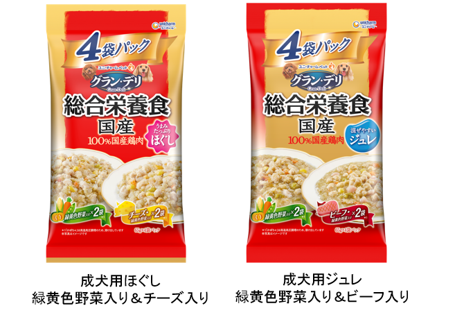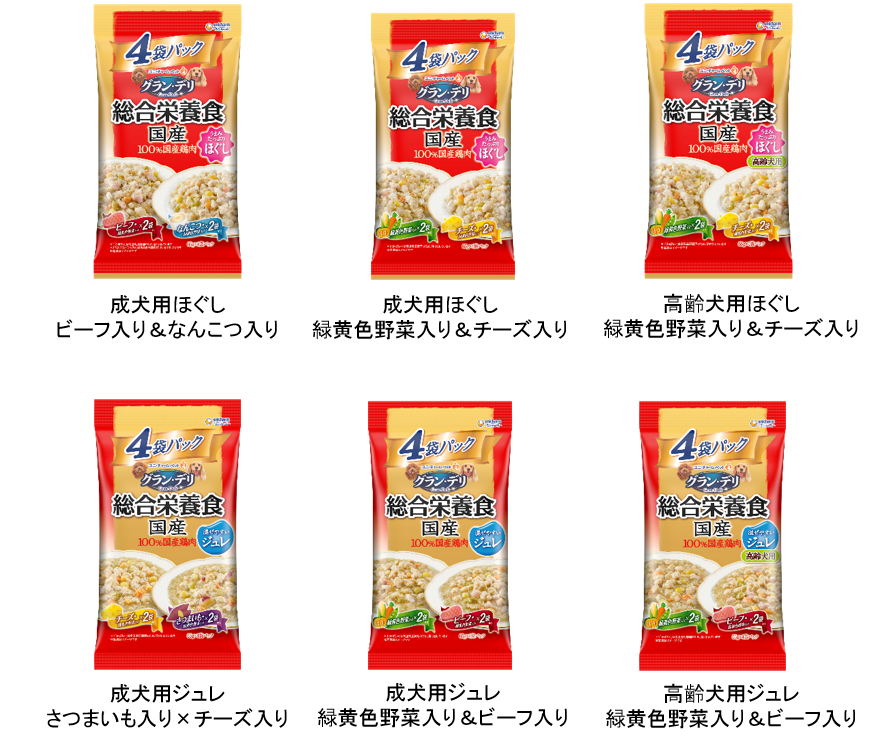 しかしながら、バランスを重視したワンちゃん専用フードカテゴリーでは、国産素材を使用したパウチタイプは少なく、「国産原材料にこだわったグラン・デリで、おいしくて栄養バランスのとれたウェットフードを発売して欲しい!」といった声を多くお寄せいただいております。
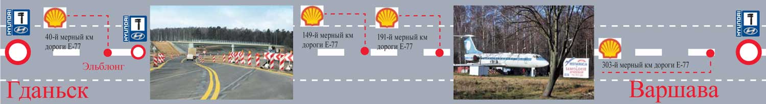 Примерно в 100 км от Гданьска на трассе во время нашей поездки в конце 2011 года велись строительные работы. Судя по масштабам стройки, скоро здесь появится скоростная автомагистраль. Сейчас на этом участке дороги действует ограничение скорости до 50–70 км/ч. Через 30 км строительство заканчивается и начинается скоростная многополосная дорога, на которой можно разогнаться до 110 км/ч. По дороге из Варшавы в Гданьск мы насчитали 22 АЗС, 8 из которых – в попутном направлении. В 20 км от Варшавы по правой стороне находится АЗС Shell, на которой можно заправиться не только бензином Euro Super 95 – аналог отечественного А-95, но и известным украинскому потребителю фирменным V-Power.
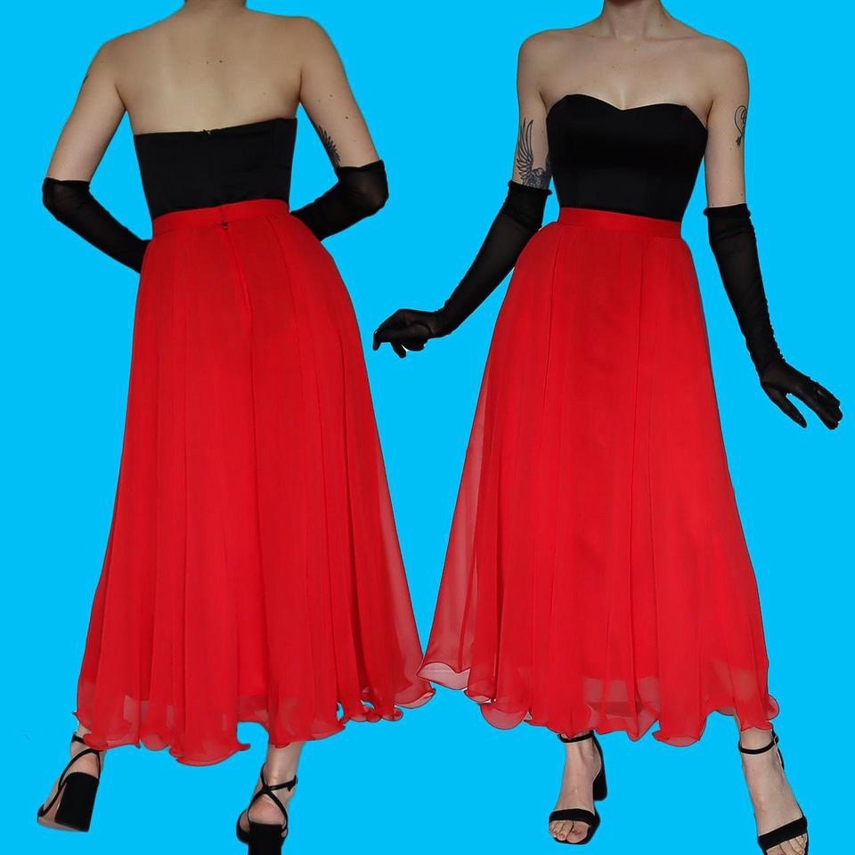 Red Frank Usher chiffon maxi skirt with a zip/hook & eye fastening at the waist UK 8
# # #
** Exercise aim **
Recopy the full listing exactly, passing over any picture.

** Response area **
 しかしながら、バランスを重視したワンちゃん専用フードカテゴリーでは、国産素材を使用したパウチタイプは少なく、「国産原材料にこだわったグラン・デリで、おいしくて栄養バランスのとれたウェットフードを発売して欲しい!」といった声を多くお寄せいただいております。
 Примерно в 100 км от Гданьска на трассе во время нашей поездки в конце 2011 года велись строительные работы. Судя по масштабам стройки, скоро здесь появится скоростная автомагистраль. Сейчас на этом участке дороги действует ограничение скорости до 50–70 км/ч. Через 30 км строительство заканчивается и начинается скоростная многополосная дорога, на которой можно разогнаться до 110 км/ч. По дороге из Варшавы в Гданьск мы насчитали 22 АЗС, 8 из которых – в попутном направлении. В 20 км от Варшавы по правой стороне находится АЗС Shell, на которой можно заправиться не только бензином Euro Super 95 – аналог отечественного А-95, но и известным украинскому потребителю фирменным V-Power.
 Red Frank Usher chiffon maxi skirt with a zip/hook & eye fastening at the waist UK 8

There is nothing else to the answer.